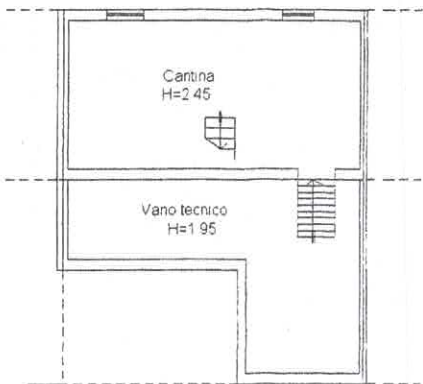
PIANO PRIMO SOTTOSTRADA
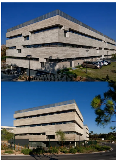
Angle est. Les panneaux des façades périphériques en béton brut de décoffrage contribuent au caractère moderne de l'édifice. Le fonctionnement intérieur est invisible depuis l'extérieur.

L'ensemble de ces exigences vise à créer des conditions de travail et de confort optimaux. Et si l'on en croit Olivier Calderon, la qualité visée et obtenue explique en partie la très grande stabilité des salariés : avec la croissance de l'entreprise, de nouveaux arrivent mais rares sont ceux qui partent.
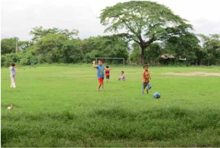
Figura 9. Vista de niños jugando fútbol en la cancha de la comunidad Tlacuxtli.

La señora, que dice ser originaria de Panchimalco, recuerda que sus padres y abuelos iban vestidos en huipiles y descalzos; además, le inculcaron el conocimiento de la medicina tradicional a través de las plantas. Esta misma señora recuerda que antes había “Brujos. Mi abuelo se hacía cuche, coyote y buey; con ello curaba a la gente. A una señora le sacó un muñeca del estomago” . En relación con esto, una de las lugareñas que venía migrando por la diáspora de la guerra de la década de 1980 asegura que le decían: “No pidan agua en cualquier lugar, porque la gente es mala; la gente se hace cuche” . Esto como parte de la memoria a partir del conocimiento que tenían de los lugareños de esta zona de cosmovisión indígena, como se ha visto en Huizúcar, Comasagua y Panchimalco (Erquicia, Herrera y Pleitez, 2013).
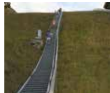
Treppenbergläufe auf der Skischanze
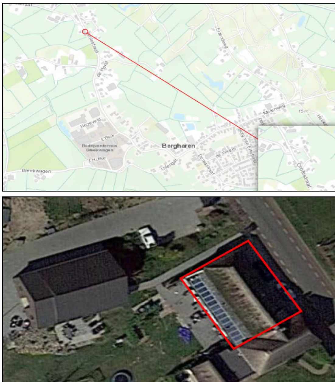
Figuur 1. De ligging en begrenzing van het plangebied aan de Grotestraat 21 te Bergharen (rood omcirkeld). Op de onderste afbeelding is een close-up opgenomen (rood omkaderd).
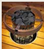
Skyddsräcke HPC3, skyddsräcke med LED-belysning HPC3L
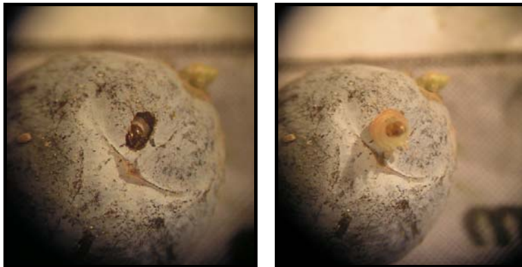
شکل ۳- سوراخ خروجی لارو سن آخر (راست) و لارو کامل در حال خروج از میوه (چپ) (اصل)
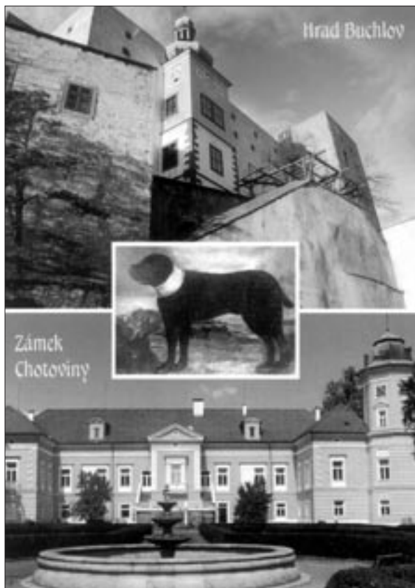
Nová pohlednice se psem Cerberem, s hradem Buchlovem a zámkem v Chotovinách je v prodeji na informačním centru v Buchlovicích

Naše krajaň z USA, Kanady, Austrálie a Nového Zélandu inspirovaly naše články k návštěvě
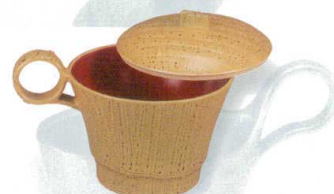
ゴマ竹 内朱 TA 7-149-9 (31000295) 蓋 ¥870 7-149-10 (31000296) 親 ¥1,930
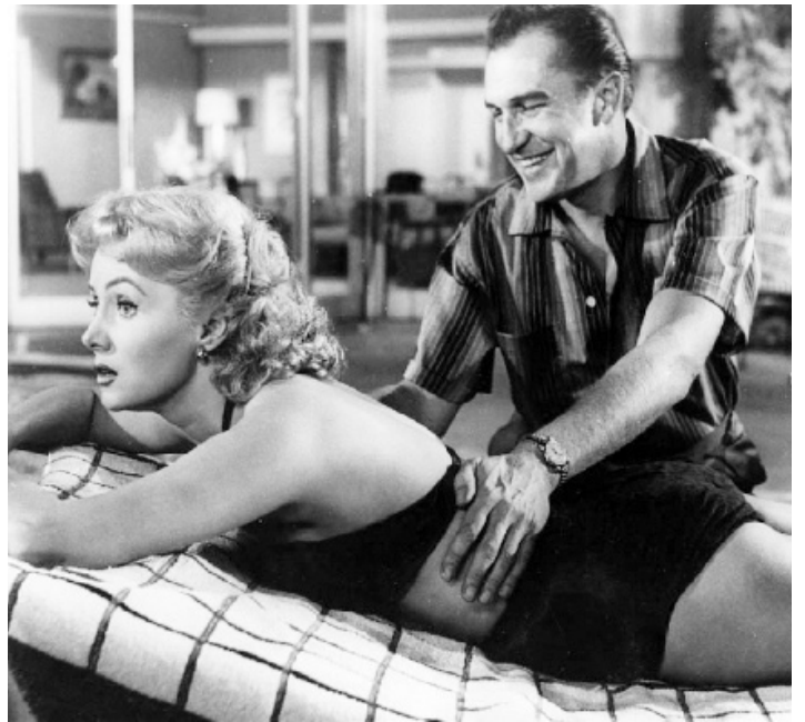
1956 LA CINQUIÈME VICTIME (While the City Sleeps) de Fritz Lang avec Vincent Price
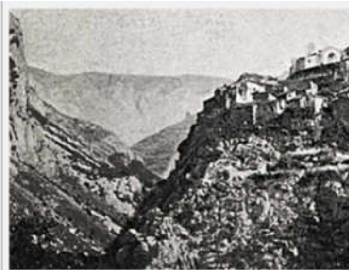
Una vecchia immagine della gola di Loreto, da una cartolina risalente agli anni 50 del Novecento.

Il ponte di Loreto consente di raggiungere Cetta, case Mauta e case Rielli, piccolissime frazioni di Triora, anticamente raggiungibili solo con una mulattiera attraversando il torrente Argentina al medievale ponte di Mauta. Le frazioncine non avrebbero meritato la spesa astronomica di circa 100 milioni di lire, tanto è stato speso nel 1958 per la costruzione di un nuovo ponte, ma la singolare morfologia dei luoghi permetteva la sperimentazione di tecnologie utili per la nascente rete autostradale italiana.
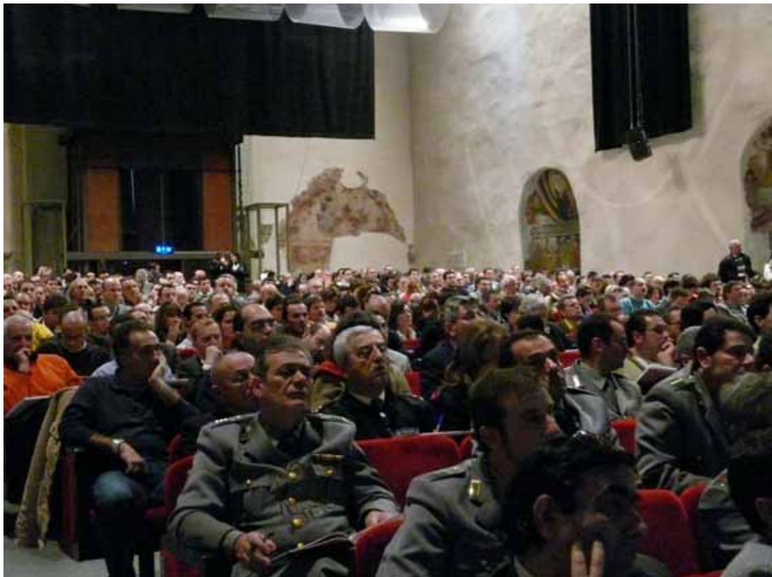
La sala del seminario con i 600 partecipanti
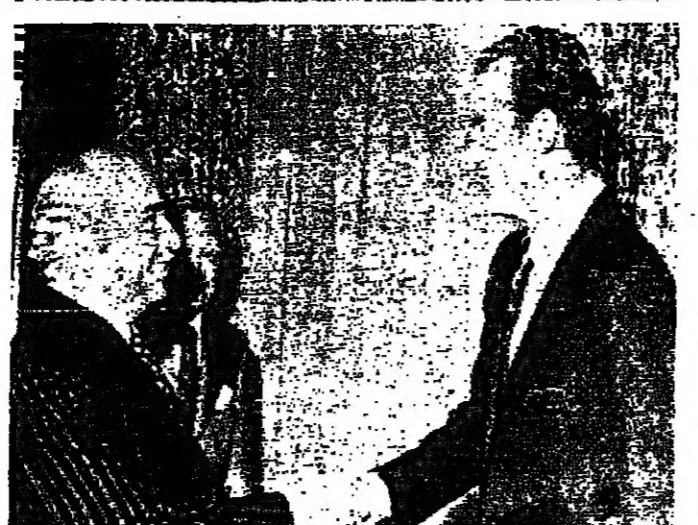
الوزير فهمي أثناء لقائه مع الخرجان كارولوس (صورة بالترتيب من اليمين)

أنهى السيد اسماعيل فهمي وزير الخارجية المصري زيارته لاسباينا أمس ، وغادر مدريد صباحا الذي استمر في طريق جنيف . وكان في وداعه في المطار وزير الخارجية الإسباني بيدرو كورتينا ، وكبار المسؤولين في وزارة الخارجية الإسبانية والسفير المصري حسن سري عصمت وأعضاء السفارة ، وسلمى الدروبي مدير مكتب الجامعة العربية . وقالت مصادر مطلعة في مدريد أن بيدرو كورتينا وزير خارجية اسباينا أبلغ السيد فهمي خلال زيارته التي استغرقت ثلاثة أيام أن اسباينا مستسحب من الصراع في أسرع وقت يمكن وفقا لرغبات سكانها . وقال وزير خارجية اسباينا في حديث له مع الصحافة المصرية إن قرار الرئيس أنور السادات فتح قناة السويس كان قرارا حاسما وجريئا ودعيا لحالات السلام في المنطقة . وأضاف قائلا أنه على غير من الأمل أن تصل منطقة الشرق الأوسط إلى حل سلمي ، وأنه يبعث مع السيد اسماعيل فهمي وزير الخارجية المصري بالتحية والمحاورات الجيدة بالتفصيل . وقال وزير الخارجية الإسباني أن موقف اسباينا إزاء النزاع العربي الإسرائيلي هو موقف ثابت ودائم لا يدخل عليه أي تغير أو تعديل .. فاسبانيا وقت مع لدى العربي دون أي تردد دائما بتطبيق قرارات هيئة بالكمال . وقال كورتينا أن الحكومة الإسبانية
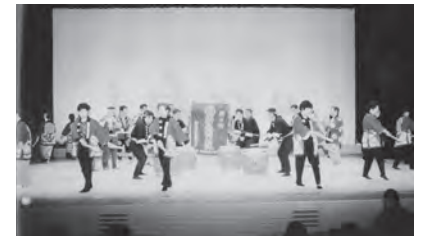
▲平成8年11月 第30 回町民文化祭(あさひの リズム初披露)
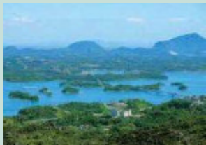
千蔵山 頂上からは上天草の山々や遠く雲仙を望む。
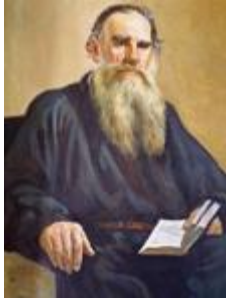
Лев Николаевич Толстой
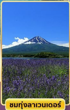
ชมทุ่งลาเวนเดอร์
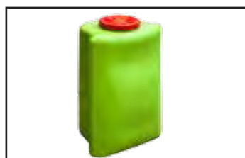
Réservoir de 40 L (COBRA 45) et 50L (COBRA 60).
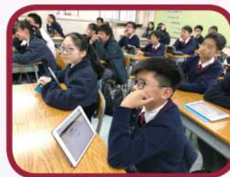
實行電子教學， 以 iPad 上課
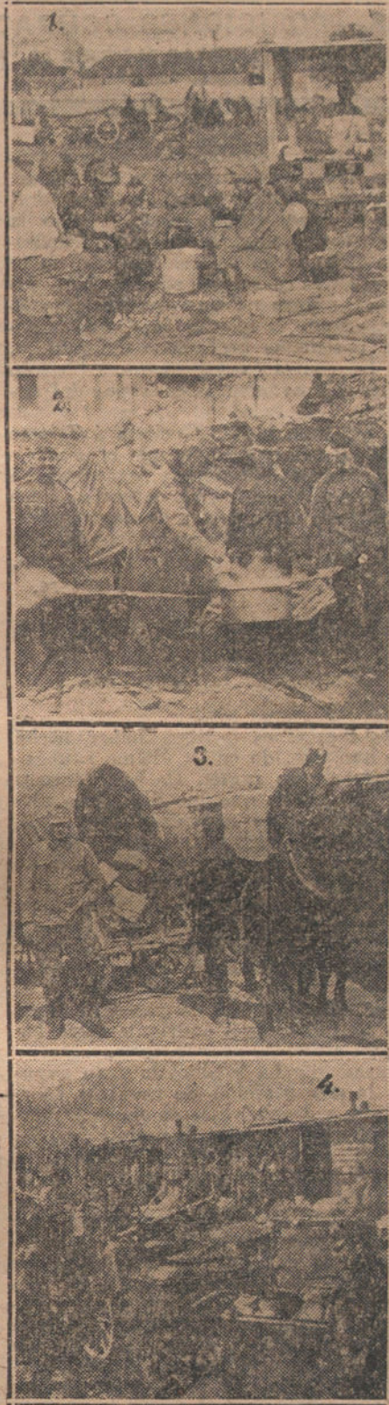
Num. 1, Soldados austriacos pelando patatas en un campamento de la Polonia rusa.—Num. 2, Cocina austriaca de campaña.—Num. 3, Llegada de géneros al campamento.—Num. 4, Transporte de cocinas de campaña.
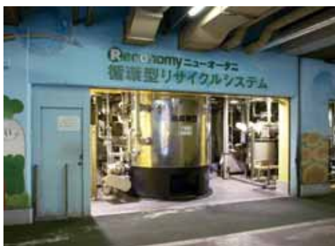
ガーデンタワー1階に設置された 「コンポスト・プラント」

ホテルから出る 1日約 5t もの生ゴミ(食べ物、生花など)は、ガーデンタワー1階に設置した「コンポスト・プラント」で乾燥、発酵させ毎月約 30t の普通肥料を生産しています。その後、堆肥工場で二次発酵させた堆肥の一部を、茨城県の契約農家で米の栽培に使用し、収穫された米「おおたに こしひかり」をホテルの社員食堂などに提供しています。残りの堆肥も農家で利用され、そこで生産された野菜などの一部をホテルが購入しています。このリサイクルシステムの導入により、生ゴミの 100%リサイクルを実現すると同時に、年間で 3,400 万円の生ゴミ焼却処分費が削減されました。
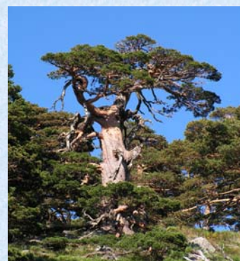
Ejemplar, varias veces centenario, de la sierra de Guadarrama

Es una especie que muestra una notable variabilidad: es uno de los pinos con mayor cantidad de variedades descritas (cerca de 150). Esta gran variabilidad ha recibido diferentes tratamientos en la jerarquía sistemática. Según Gaussen (Ruiz de la Torre, 2006) de los 14 taxa intraespecíficos, 4 están representados o son exclusivos de la península Ibérica: ssp. pyrenaica : Pirineo y Prepirineo, propia de montañas elevadas, con tronco alto rojizo, acículas con 3 a 8 canales resiníferos y haces vasculares aproximados; ssp. iberica : montañas carpetanas e ibéricas, más próxima al tipo de la especie, con tronco alto, con 4 a 8 canales resiníferos en las acículas, uno de ellos central y haces vasculares algo separados; ssp. nevadensis : montañas granadinas, tronco alto rojizo, acículas muy cortas y glaucas, 9 a 13 canales resiníferos centrales y haces vasculares muy separados; ssp. catalaunica : media montaña y Prepirineo, tronco alto amarillizo ocreáceo o claro, 5 a 9 canales resiníferos en posición variable en las acículas y haces vasculares muy separados. En relación con posibles hibridaciones solo se han descrito híbridos naturales con P. uncinata : P. x rhaetica Briggen = P. bougetti (Flous.). La variabilidad expresada por los datos anteriores debe relacionarse tanto con la fragmentación de área derivada de las particularidades orográficas-climáticas de la península Ibérica, como con la condición finícola de la misma.
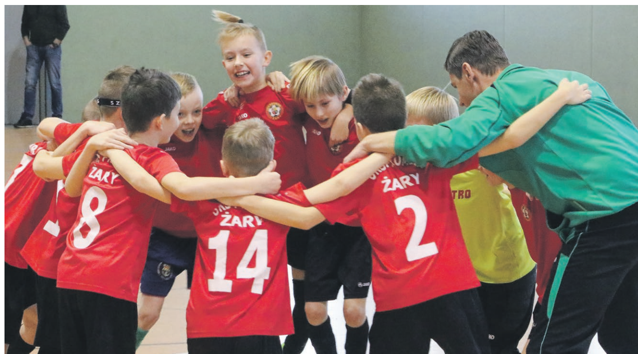
UKS Promień Żary (2010) po wygranym 10:3 meczu z Czarnymi Żagań
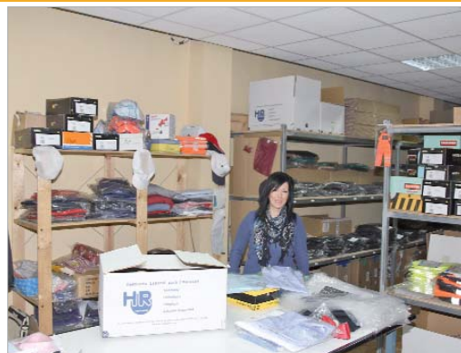
"Trabajamos con seriedad y responsabilidad para atender los pedidos".

◆ ◆ ◆

EXERCISE OBJECTIVE: Retype exactly. Include each line from the start of the material through the line holding "Figura 9. Vista", and leave the pictures out.

ANSWER SPACE:
PIANO PRIMO SOTTOSTRADA
Angle est. Les panneaux des façades périphériques en béton brut de décoffrage contribuent au caractère moderne de l'édifice. Le fonctionnement intérieur est invisible depuis l'extérieur.

L'ensemble de ces exigences vise à créer des conditions de travail et de confort optimaux. Et si l'on en croit Olivier Calderon, la qualité visée et obtenue explique en partie la très grande stabilité des salariés : avec la croissance de l'entreprise, de nouveaux arrivent mais rares sont ceux qui partent.
Figura 9. Vista de niños jugando fútbol en la cancha de la comunidad Tlacuxtli.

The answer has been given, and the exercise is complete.